Um sintoma característico desta fragilidade encontra-se na temática de nossas conversas. Bastam apenas alguns minutos de prosa que o assunto é a saúde física e a aparência estética. Obviamente, que mais do que depressa cada um apresenta uma e outra receita para manter a boa forma ou então informa os pares sobre uma e outra matéria que leu em uma revista aqui ou viu em um programa televisivo acolá que versa sobre os malefícios disso e os benefícios daquilo para o corpinho.

Todavia, mude a conversa para a sanidade espiritual.
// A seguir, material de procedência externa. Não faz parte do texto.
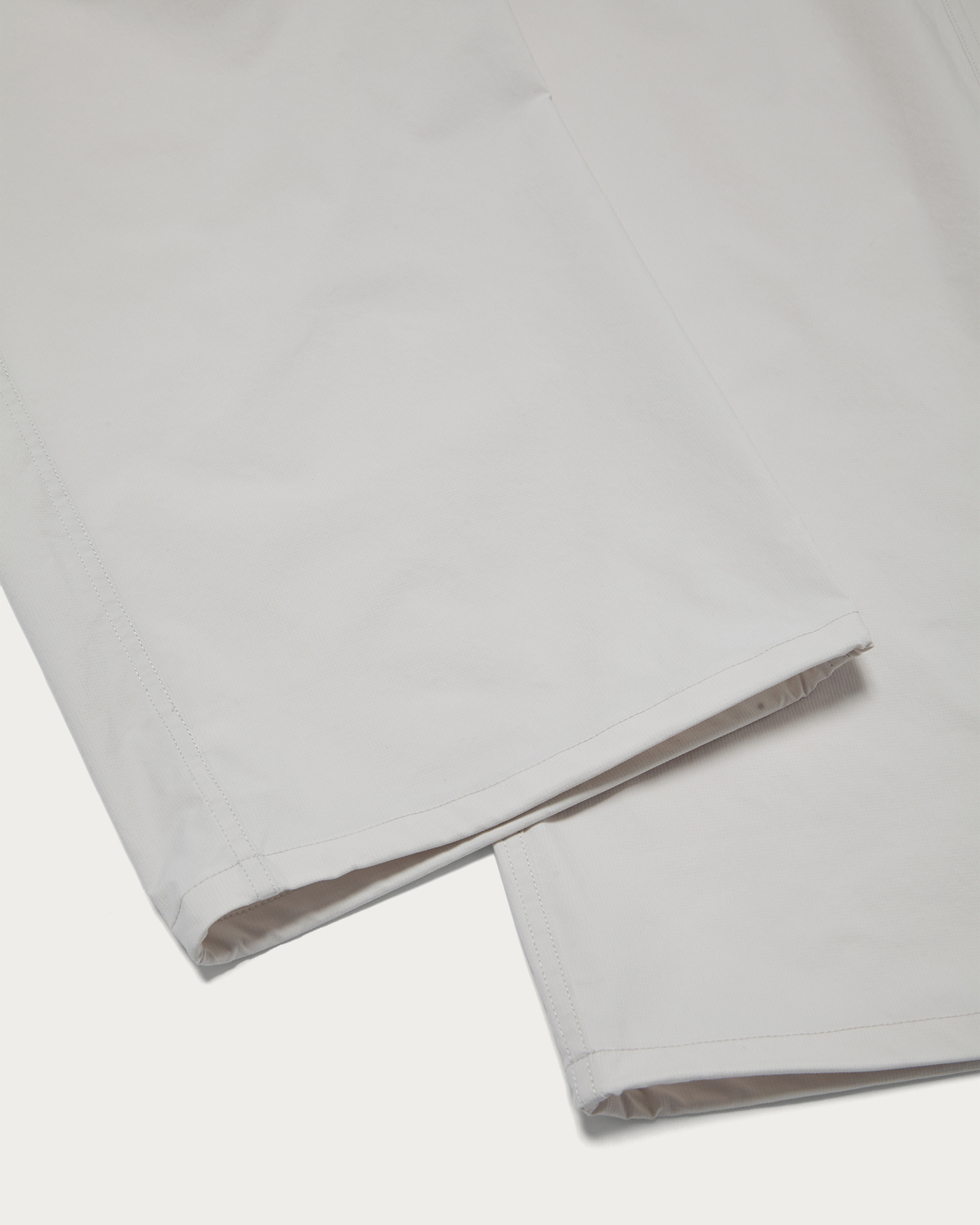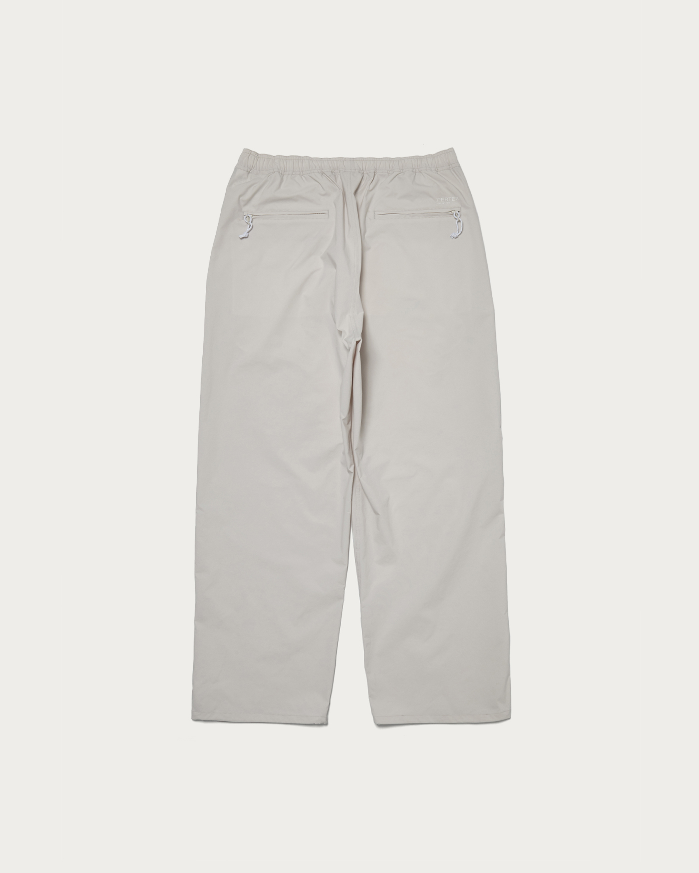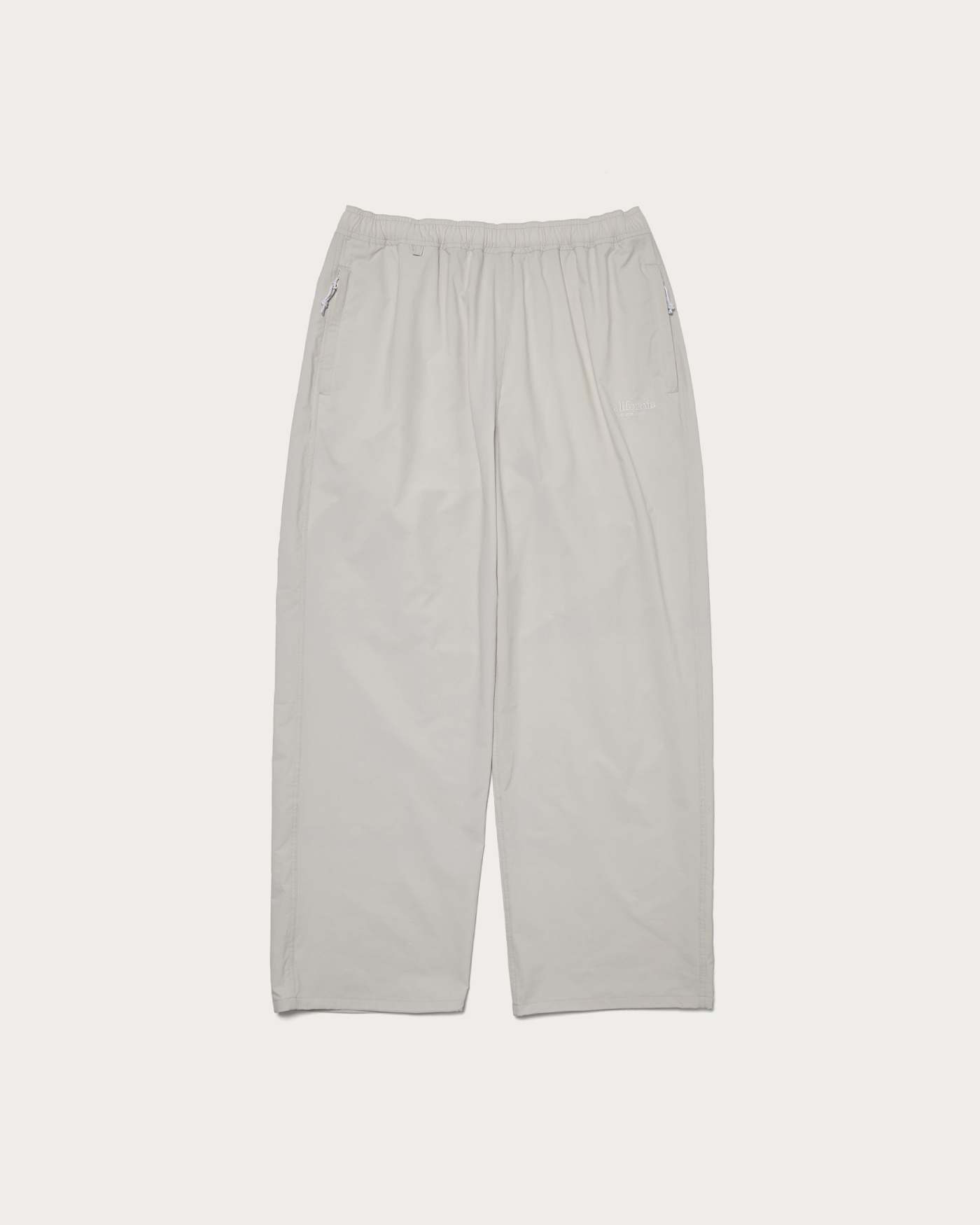 「PERTEX UNLIMITED」のリップストップ素材を使用したフィールドパンツ。ヨコ方向にストレッチ性があるので着心地も良くコンフォート感のある素材です。撥水性もありタウンユースからアクティブシーンにも使えます。裾のゴムストリングでシルエットを変えてアレンジも楽しめ、左ポケット位置に配したショップロゴの刺繍もワンポイントに。ユニセックスで着用いただけるアイテムです。

Bem, se o tom da prosa já era estupidificante no primeiro ponto, neste, o conto torna-se patético. Aliás, revela o quão patético nos tornamos na sociedade moderna, visto que, não mais se compreende o sentido do que significa a vida espiritual e intelectual e, toda vez que tenta-se macaquear um simulacro desta, acaba-se por expressar apenas uma reles e superficial caricatura. Detalhe: quanto mais “estudada” é a pessoa, mais estupidificada se apresenta suas considerações sobre este assunto.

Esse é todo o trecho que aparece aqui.